Gun sales have slid into "Trump slump" since the election.
The number of gun background checks, which offer a rough indicator for overall firearms sales, has dropped for each month but one, compared with last year, reported The Guardian.
The only exception was May, when a suicide bomber killed 22 people at an Ariana Grande concert in Britain.
The marketing director for one firearms manufacturer based in Oklahoma said the market seems to be saturated, and he said gun owners have gotten "complacent" with Donald Trump as president instead of Barack Obama.
“The fact that everyone perceived Obama to be anti-gun and wants to take your gun rights away made everybody buy, buy, buy until everybody had a surplus,” said Jeremiah Blasi, of Mid America Armament. “Nobody’s as concerned that we’re going to lose gun rights in the immediate future."

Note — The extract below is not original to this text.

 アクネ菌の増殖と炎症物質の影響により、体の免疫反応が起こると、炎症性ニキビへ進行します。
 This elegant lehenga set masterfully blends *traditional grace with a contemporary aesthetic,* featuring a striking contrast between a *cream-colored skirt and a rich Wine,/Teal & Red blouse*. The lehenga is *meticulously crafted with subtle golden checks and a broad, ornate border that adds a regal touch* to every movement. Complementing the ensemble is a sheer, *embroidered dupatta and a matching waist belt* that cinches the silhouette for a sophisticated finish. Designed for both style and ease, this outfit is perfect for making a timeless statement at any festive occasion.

Blasi told The Guardian his company's sales are down 25 percent, compared to last year, and sales at gun shows were off by 50 percent.
Stock prices for Sturm Ruger and American Outdoor Brands Corporation, formerly Smith & Wesson, dropped steeply after the election and remain down following a rebound in the spring.

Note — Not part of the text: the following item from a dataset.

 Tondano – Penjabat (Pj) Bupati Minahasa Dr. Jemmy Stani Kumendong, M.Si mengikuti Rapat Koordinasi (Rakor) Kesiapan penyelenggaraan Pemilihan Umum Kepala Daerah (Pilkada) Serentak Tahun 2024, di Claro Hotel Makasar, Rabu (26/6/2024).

Despite the drop since last year, the newspaper reported, gun sales remain relatively high compared to the period between 1998 and 2009, before Obama took office.
The spokesman for the National Shooting Sports Foundation, the firearms industry trade association, said 2017 remains on track to be the second- or third-highest year for sales since the background check system began.
Americans owned at least 265 million guns in 2015, according to recent surveys, although some estimates say the number is even higher.
Just 3 percent of Americans own about half of all U.S. guns.